- Nationality: French
- Born: Gonzague Marie Maurice Raphaël Olivier 27 September 1921 Roubaix, Lille, France
- Died: 30 January 2013 (aged 91) Annappes, Lille, France
- Relatives: Jean-Claude Olivier (son)

24 Hours of Le Mans career
- Years: 1953–1955
- Teams: G. Olivier Porsche KG
- Best finish: 14th (1954)
- Class wins: 1 (1954)

= Gonzague Olivier =

French racing driver

Gonzague Olivier (27 September 1921 – 30 January 2013), referred to in some sources as Gustave Olivier, was a French racing driver and boat builder. Most of his success came at the wheel of Porsche 356 and Porsche 550 racing cars in the 1950s.

==Racing career==
In 1952, Olivier drove a Simca 8 Sport to second in class at the Circuit International de Vitesse in Bordeaux, and placed fourth in class in the 12 Hours of Hyères alongside Bernard Dubly.

In 1953, he took part in the Rallye des Routes du Nord for the first time. He finished second overall with Dubly as co-driver. He returned to Hyères, this time sharing a Porsche 356 with Auguste Veuillet. The pair won their class for the first time. Later that year, Olivier made his first appearance at the 24 Hours of Le Mans, sharing his Porsche as a private entrant with co-driver Eugène Martin. They retired with engine issues in the 18th hour. He raced his Porsche in two more sportscar races that year: the Grand Prix Automobile de AC du Nord in his hometown of Roubaix, and the Caen Grand Prix, retiring from both. In October, he served as co-driver to Gilberte Thirion, and the pair won the Tour de Belgique road rally.

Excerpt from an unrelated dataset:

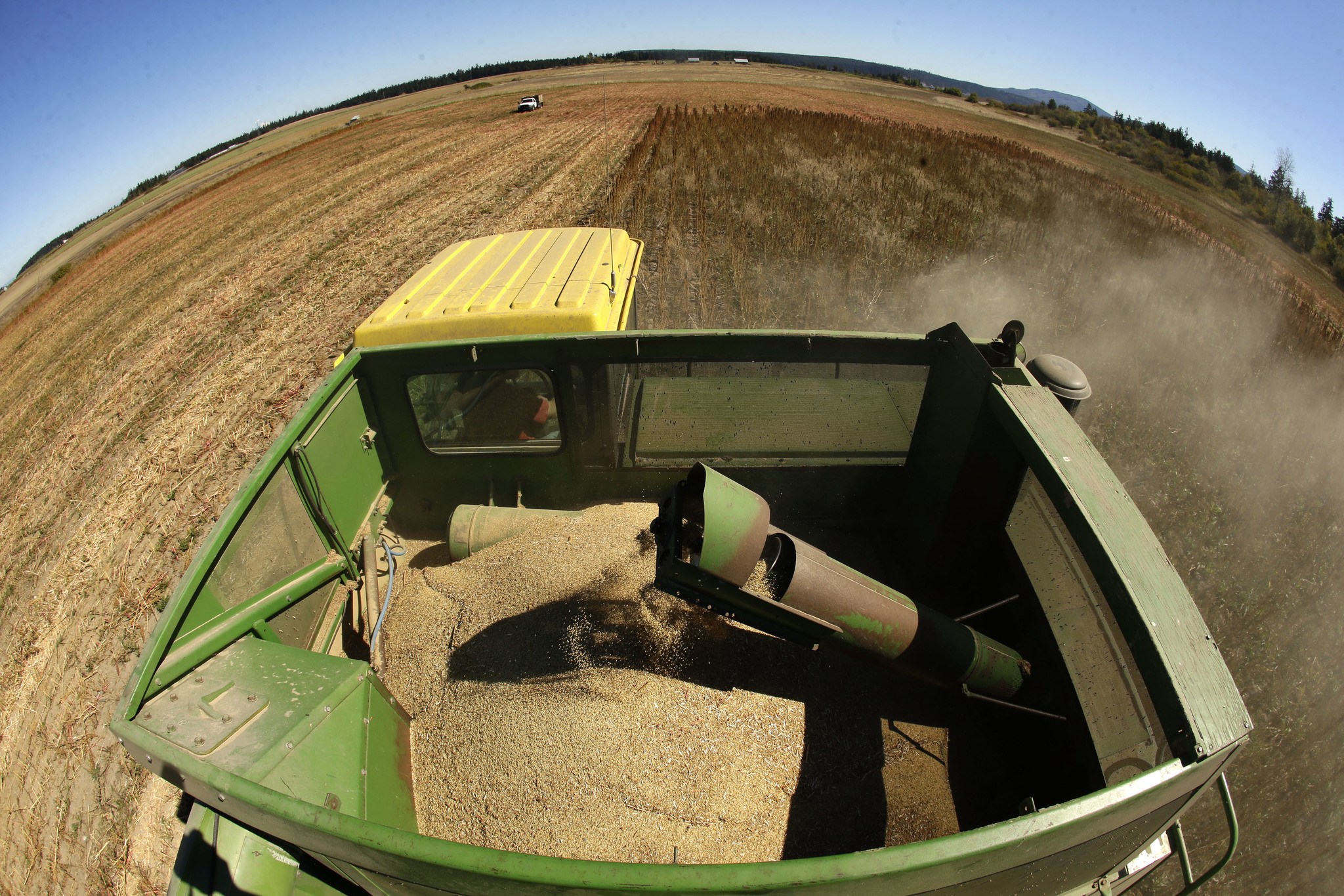 “It’s a beautiful crop,” Huber said as he surveyed his combine grinding the plants and spitting out the seeds. He chose a variety called Redhead, which turned his field lipstick-red for a couple of weeks before harvest.

Olivier and Thirion continued their partnership to the 1954 Rallye des Routes du Nord, winning the event with Olivier as driver. Across April, he raced three times at Montlhéry: he placed fourth in the S+1.3 race at the Coupes de Vitesse, won the S2.0 race at the Coupes du Printemps, and won his class at the Coupes de Paris. The following month, he entered a production sportscar Grand Prix at Spa-Francorchamps, where he won the S1.6 class in the second race of the day. He reunited with Thirion to win his class in the Bol d'Or at Montlhéry. In June, he raced at Le Mans as part of the official Porsche KG stable, who entered two Porsche 550s to the S1.5 class and one to the S1.1 class. He shared the lower-displacement example with Zora Arkus-Duntov to score yet another class win, helping Porsche sweep the S1.1 and S1.5 classes along with Johnny Claes and Pierre Stasse. June saw him take two further class wins at Picardie and Metz. His last outing of the year saw him place second in class with Veuillet at the 12 Hours of Reims.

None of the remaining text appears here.